Senators Kim Joins Senate Democratic Colleagues on Anti-Corruption Bill to Prevent Financial Exploitation of Digital Assets by Public Officials
June 23, 2025
WASHINGTON D.C. – Today, Senator Andy Kim (D-NJ) joined Senator Adam Schiff (D-CA) and eight Democratic Senators in introducing the Curbing Officials’ Income and Nondisclosure (COIN) Act to enact commonsense guardrails to prevent the financial exploitation of digital assets by public officials, including the president and their immediate family.
This legislation follows recent White House financial disclosure reporting revealing that President Trump raked in $57.3 million from his crypto venture with World Liberty Financial in 2024.
“Americans deserve to have full faith in their public officials. From meme coins to NFTs, we need to set the necessary guardrails to root out corruption, stop those in power from exploiting digital assets, and rebuild this sacred trust between government and the American people,” said Senator Andy Kim.
“President Donald Trump’s cryptocurrency dealings have raised significant ethical, legal and constitutional concerns over his use of the office of the presidency to enrich himself and his family. That’s why I am introducing legislation to prevent the financial exploitation of any digital assets by public officials, including the president and the First Family. We need far greater scrutiny of the president’s financial dealings, and to stop him and any other politician from profiting off of such schemes,” said Senator Adam Schiff.
The COIN Act includes critical reforms to safeguard against public officials exploiting digital assets for their own personal profits.
Specifically, this legislation seeks to:
- Amend the Ethics in Government Act of 1978 to prohibit public officials – including the president, vice president, high-ranking executive branch employees and special government employees, and Members of Congress – from issuing, sponsoring, or endorsing digital assets, including meme coins, NFTs, or stablecoins. This prohibition covers 180 days prior to and 2 years after an individuals’ service. It also extends to individuals’ immediate family members.
- Require public officials to include digital assets in their annual financial disclosures and periodic transaction reports.
- Codify that the issuance, purchase, sale or holding of digital assets are considered financial interests public officials must consider when recusing themselves from official matters under the criminal conflict of interest statute.
- Require stablecoin issuers to certify quarterly with the Office of Government Ethics and regulators that public officials are not personally profiting from the issuance of such stablecoins to receive regulatory approval.
- Require the Government Accountability Office to submit to Congress within 360 days a report with recommendations to update federal ethics laws to incorporate future regulatory frameworks related to digital assets.

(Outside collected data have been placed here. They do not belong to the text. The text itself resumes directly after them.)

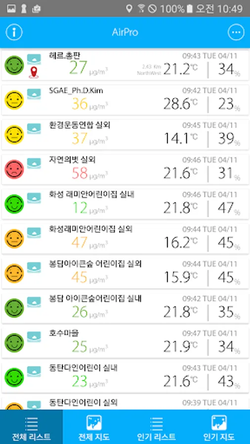 한국의 공기 질 180개국 중에서 173위!. OECD 국가 중 최하위의 공기를 가진 한국. 이런 환경에 우리의 가족과 아이들이 노출되어 있어요. 더 심각한 것은 현재 운영 중인 측정소가 절대적으로 부족하다는 현실. 이제 AirPro을 통해 실내, 실외 등 실생활에서 언제든지 실시간으로 공기 질을 확인하세요.
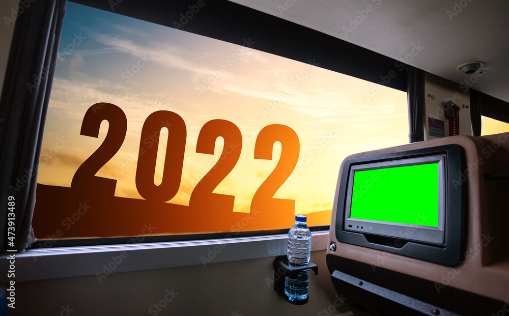 Happy New Year 2022,Inside of the bus which has LCD screen blank rear seat for entertainment with a bottle of water and window view of Beautiful landscape nature with sky cloud sunset,Figure tourism
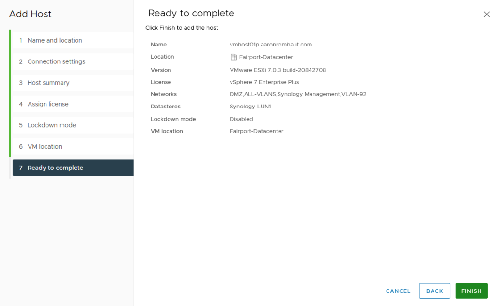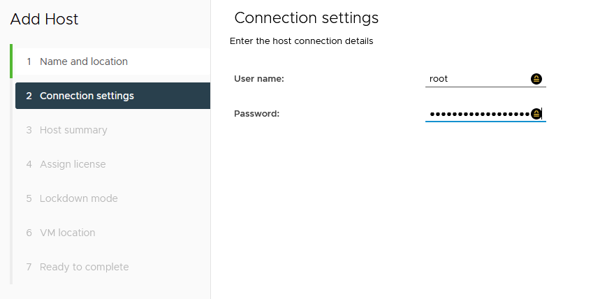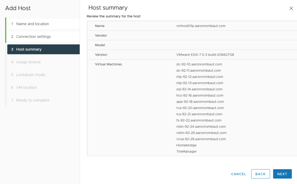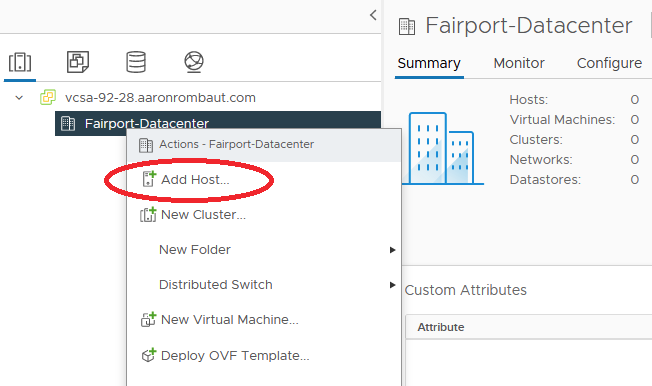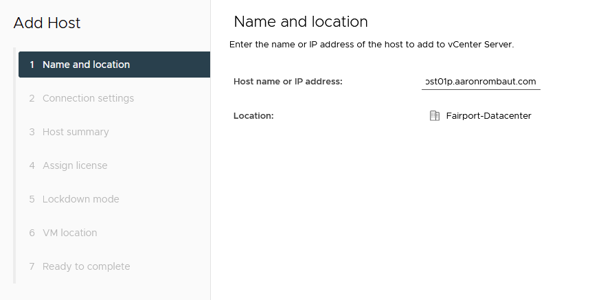 Now we will add a host. Be sure the ESXi hosts have forward and reverse DNS entries before proceeding!
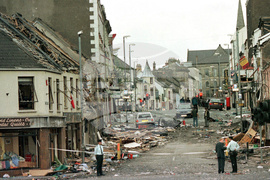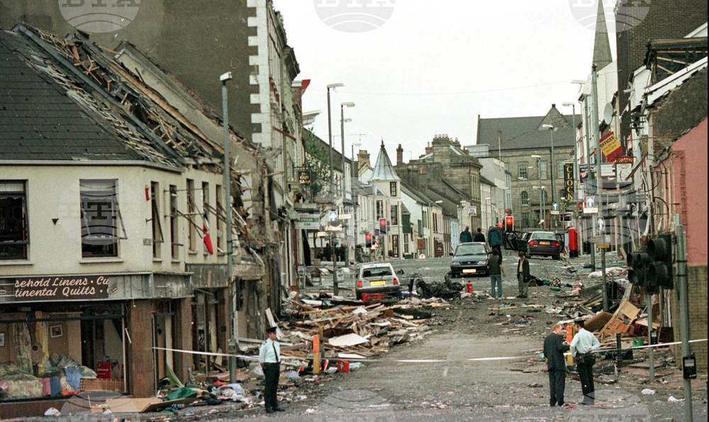 FILE - Royal Ulster Constabulary Police officers stand on Market Street, the scene of a car bombing in the centre of Omagh, Co Tyrone, 72 miles west of Belfast, Northern Ireland, on Aug. 15, 1998. (AP Photo/Paul McErlane, File)

Full text of the bill is available here.
This legislation is also cosponsored by U.S. Senators Lisa Blunt Rochester (D-Del.), Catherine Cortez Masto (D-Nev.), Ruben Gallego (D-Ariz.), Kirsten Gillibrand (D-N.Y.), Ben Ray Luján (D-N.M.), Elissa Slotkin (D-Mich.), Richard Blumenthal (D-Conn.) and Angela Alsobrooks (D-Md.).
The bill is endorsed by Public Citizen, the Project on Government Oversight, Citizens for Responsibility and Ethics in Washington (CREW), and Democracy Defenders Action.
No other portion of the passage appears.